Records from a data collection
_____

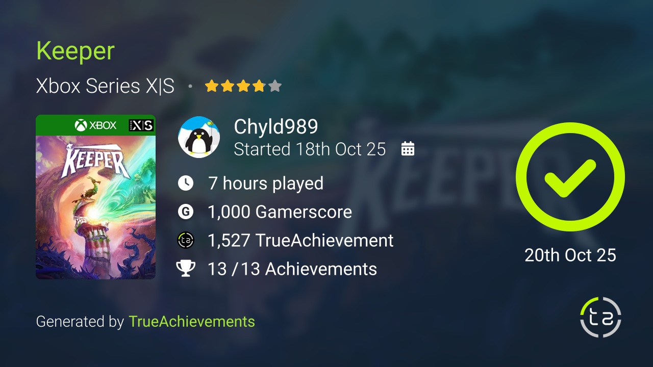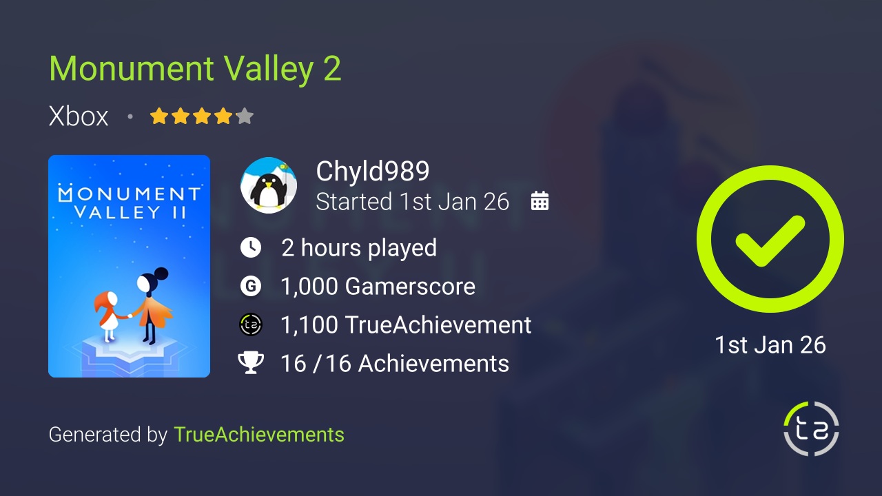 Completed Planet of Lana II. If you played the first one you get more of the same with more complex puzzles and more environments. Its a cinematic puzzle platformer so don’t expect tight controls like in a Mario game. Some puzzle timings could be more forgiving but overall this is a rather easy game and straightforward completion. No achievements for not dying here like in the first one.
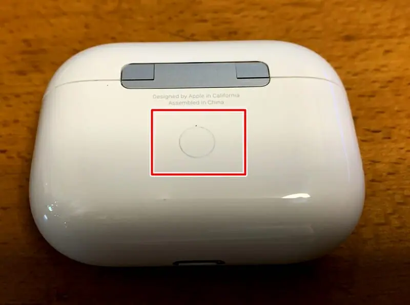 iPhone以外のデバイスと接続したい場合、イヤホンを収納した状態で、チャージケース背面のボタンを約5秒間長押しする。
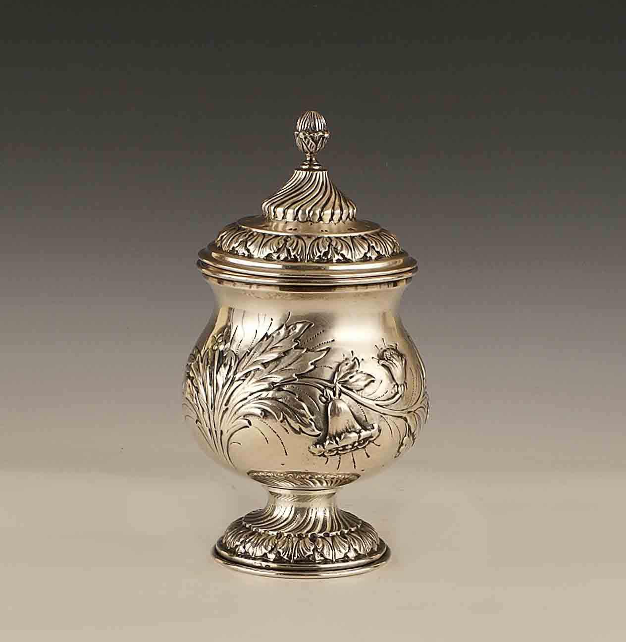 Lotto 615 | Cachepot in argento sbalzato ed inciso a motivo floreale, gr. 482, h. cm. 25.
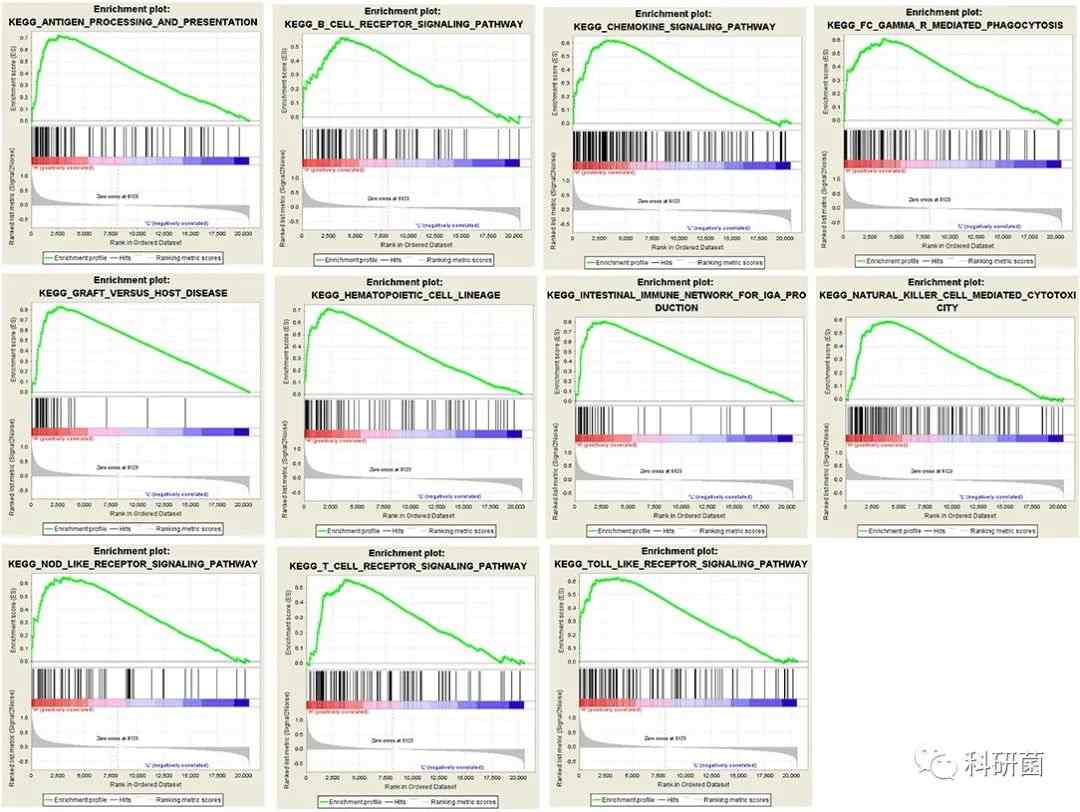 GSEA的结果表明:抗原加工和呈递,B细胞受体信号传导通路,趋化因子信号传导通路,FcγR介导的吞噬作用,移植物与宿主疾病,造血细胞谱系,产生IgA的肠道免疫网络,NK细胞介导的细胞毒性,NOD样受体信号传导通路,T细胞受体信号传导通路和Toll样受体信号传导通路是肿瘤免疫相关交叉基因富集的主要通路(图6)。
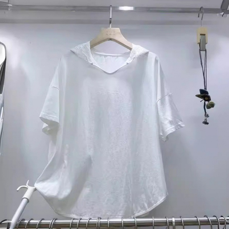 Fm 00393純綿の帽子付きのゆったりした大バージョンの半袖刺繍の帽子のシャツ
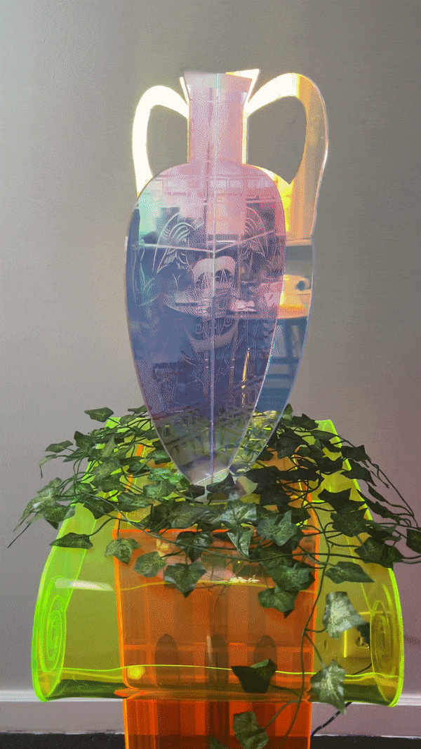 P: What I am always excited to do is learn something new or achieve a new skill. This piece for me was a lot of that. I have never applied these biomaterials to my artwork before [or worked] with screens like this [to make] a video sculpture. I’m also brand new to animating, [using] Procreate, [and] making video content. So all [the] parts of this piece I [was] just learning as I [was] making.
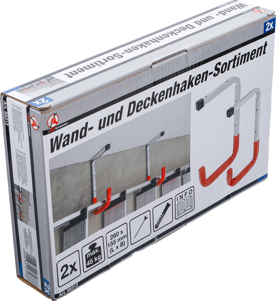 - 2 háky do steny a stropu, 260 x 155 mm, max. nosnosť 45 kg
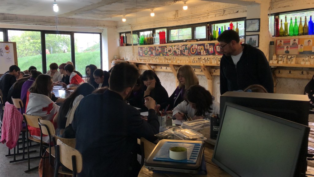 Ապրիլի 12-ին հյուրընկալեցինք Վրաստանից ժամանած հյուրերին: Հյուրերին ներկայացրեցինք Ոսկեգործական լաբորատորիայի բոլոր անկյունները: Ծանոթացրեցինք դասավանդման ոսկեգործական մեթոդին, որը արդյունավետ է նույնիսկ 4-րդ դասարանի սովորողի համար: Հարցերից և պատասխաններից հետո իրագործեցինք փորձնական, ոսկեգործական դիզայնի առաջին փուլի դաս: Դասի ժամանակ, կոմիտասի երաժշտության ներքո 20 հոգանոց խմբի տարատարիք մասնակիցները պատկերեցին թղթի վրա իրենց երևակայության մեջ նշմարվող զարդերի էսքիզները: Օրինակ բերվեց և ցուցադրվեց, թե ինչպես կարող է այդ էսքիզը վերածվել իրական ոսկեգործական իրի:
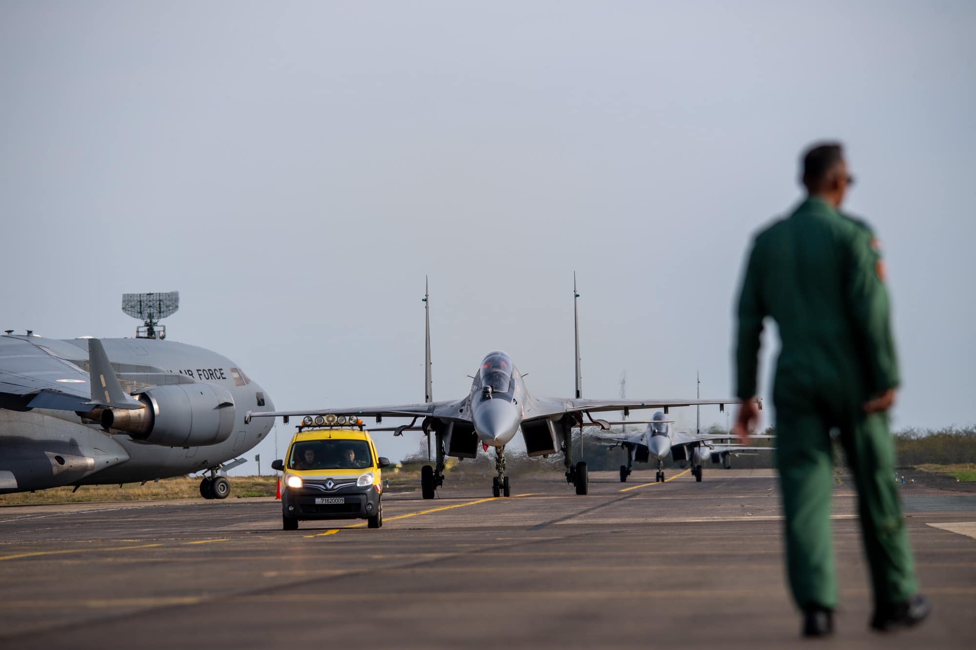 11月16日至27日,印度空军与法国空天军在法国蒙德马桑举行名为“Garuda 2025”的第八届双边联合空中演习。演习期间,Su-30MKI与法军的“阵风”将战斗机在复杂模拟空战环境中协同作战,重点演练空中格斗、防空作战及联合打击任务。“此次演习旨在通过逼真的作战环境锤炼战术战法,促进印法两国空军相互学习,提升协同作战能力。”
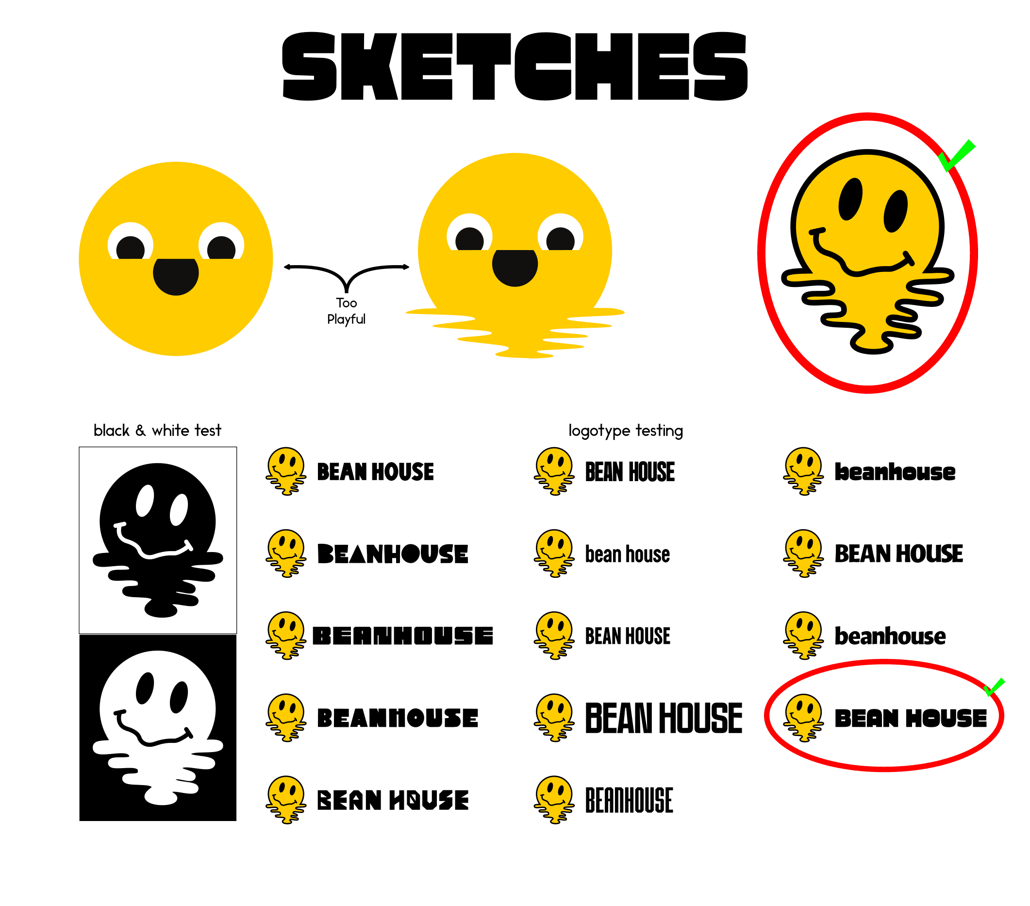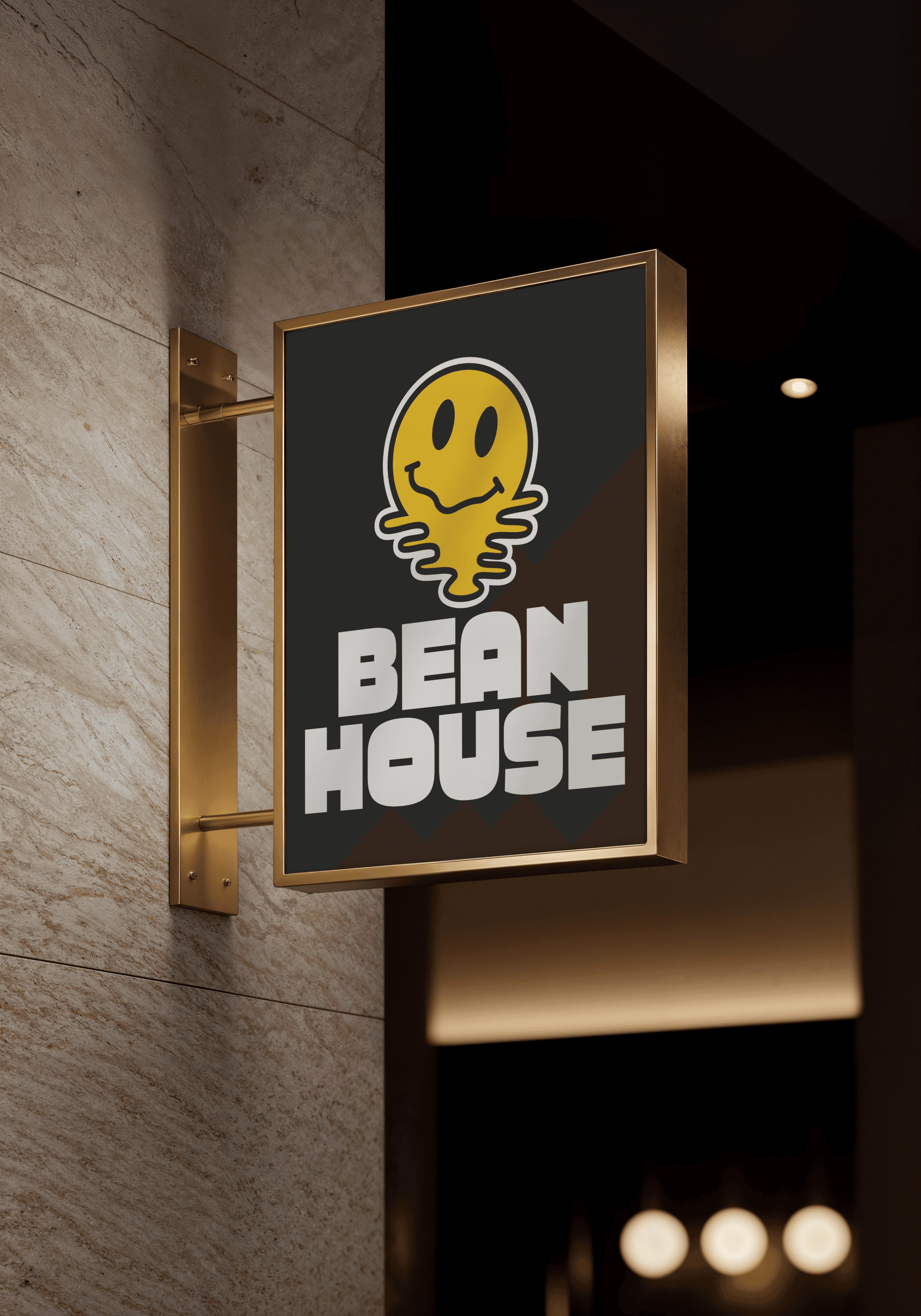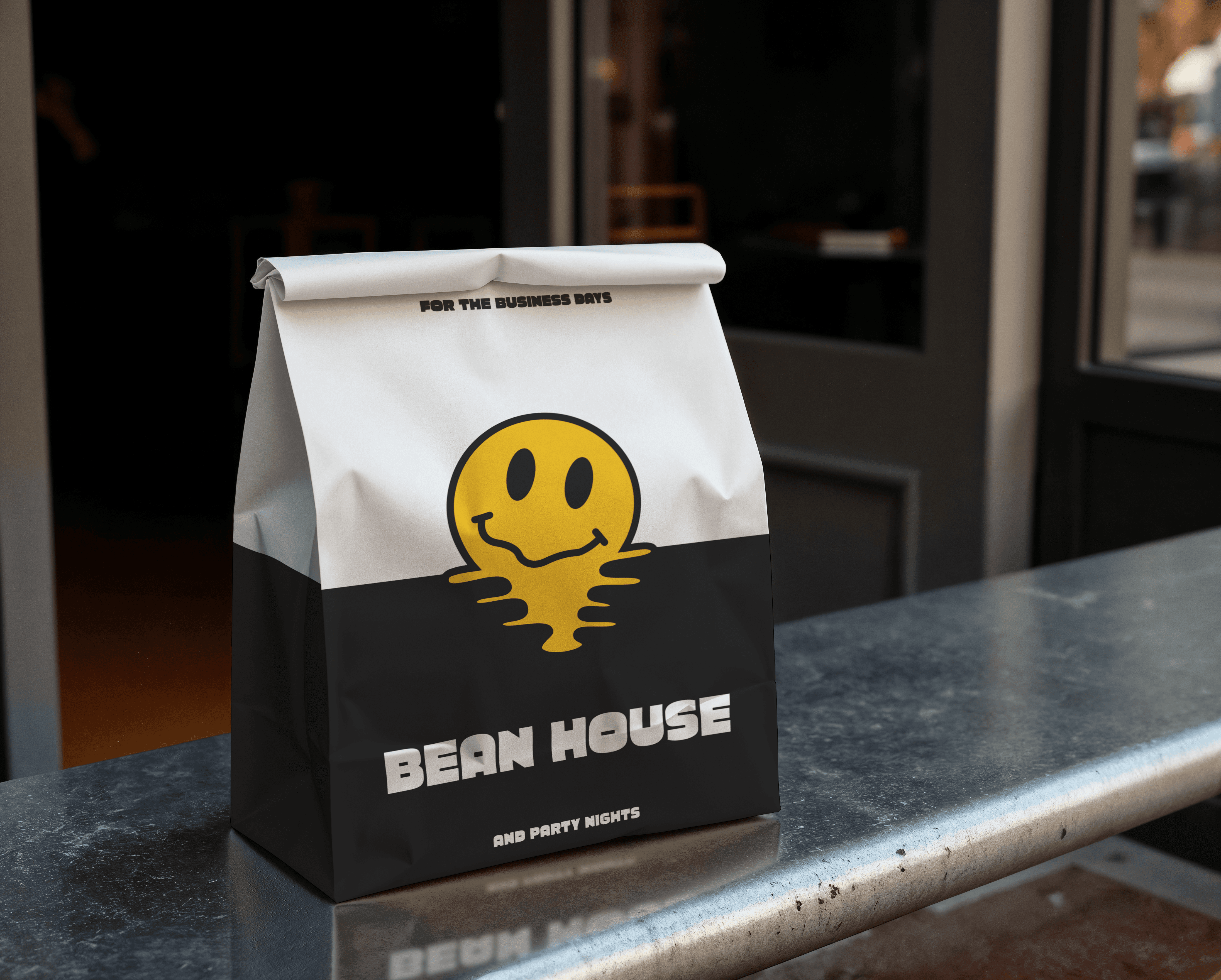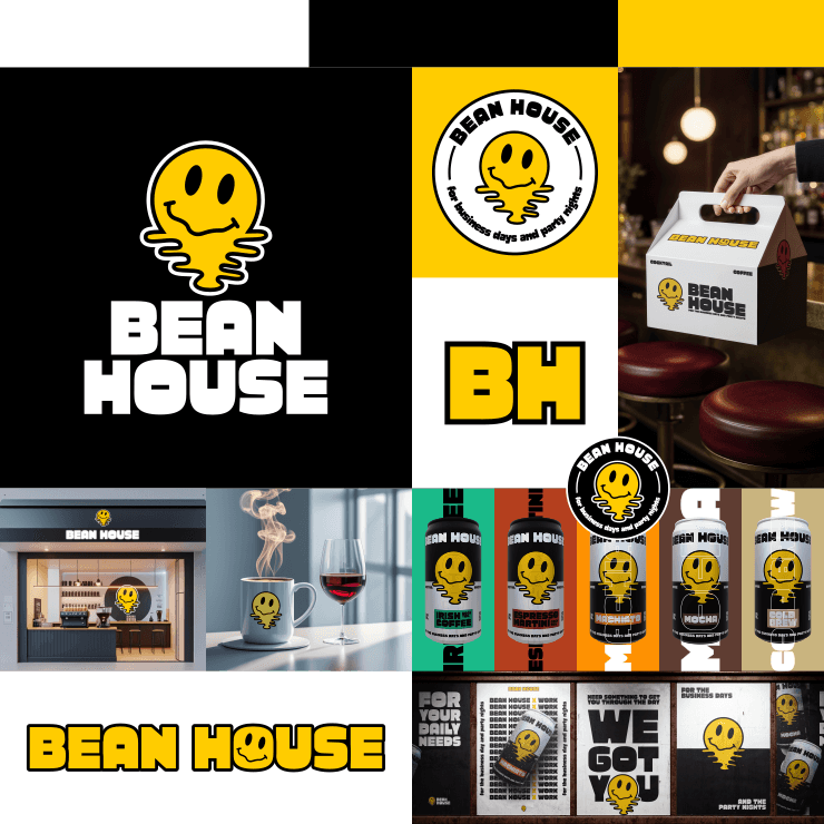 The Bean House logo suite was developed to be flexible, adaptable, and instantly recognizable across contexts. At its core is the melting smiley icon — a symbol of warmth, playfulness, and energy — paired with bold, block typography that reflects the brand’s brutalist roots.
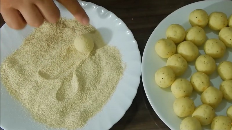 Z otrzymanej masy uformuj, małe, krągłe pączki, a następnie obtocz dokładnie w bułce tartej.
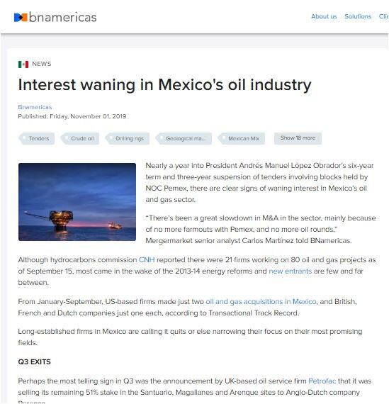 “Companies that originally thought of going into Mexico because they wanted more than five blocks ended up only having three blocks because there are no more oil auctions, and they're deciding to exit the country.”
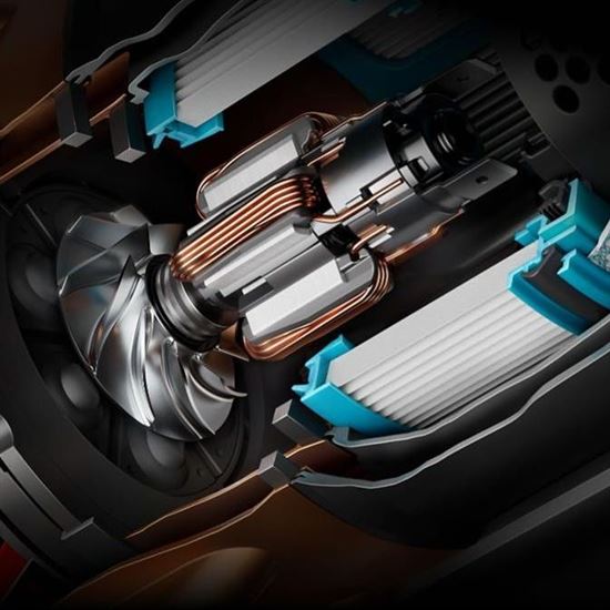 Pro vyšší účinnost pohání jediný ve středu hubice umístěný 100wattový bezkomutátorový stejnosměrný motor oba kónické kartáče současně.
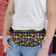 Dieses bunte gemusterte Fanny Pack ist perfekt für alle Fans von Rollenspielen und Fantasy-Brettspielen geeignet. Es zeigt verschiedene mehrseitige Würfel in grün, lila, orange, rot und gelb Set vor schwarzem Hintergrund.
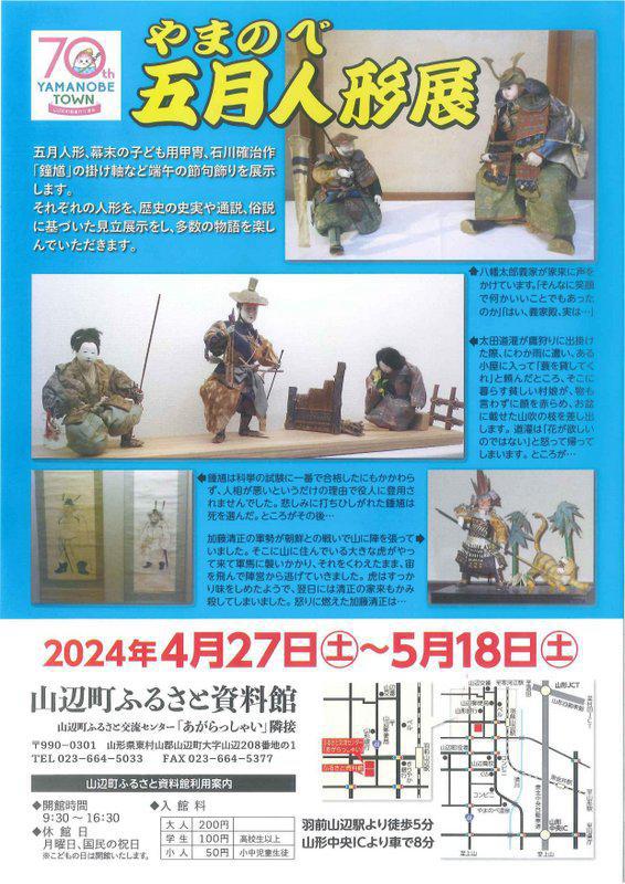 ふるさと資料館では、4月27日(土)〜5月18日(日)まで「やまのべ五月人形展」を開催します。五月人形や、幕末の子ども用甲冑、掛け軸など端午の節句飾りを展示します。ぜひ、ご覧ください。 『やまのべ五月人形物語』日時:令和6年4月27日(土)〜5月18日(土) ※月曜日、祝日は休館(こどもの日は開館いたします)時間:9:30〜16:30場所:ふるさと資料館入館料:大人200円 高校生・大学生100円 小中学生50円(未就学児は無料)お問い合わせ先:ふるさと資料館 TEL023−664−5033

_____

Task details: Taking the entries above, copy word for word the lines from the one with "The Bean House" up to and including the one with "Z otrzymanej masy", without any picture.

Response to this task:
 The Bean House logo suite was developed to be flexible, adaptable, and instantly recognizable across contexts. At its core is the melting smiley icon — a symbol of warmth, playfulness, and energy — paired with bold, block typography that reflects the brand’s brutalist roots.
 Z otrzymanej masy uformuj, małe, krągłe pączki, a następnie obtocz dokładnie w bułce tartej.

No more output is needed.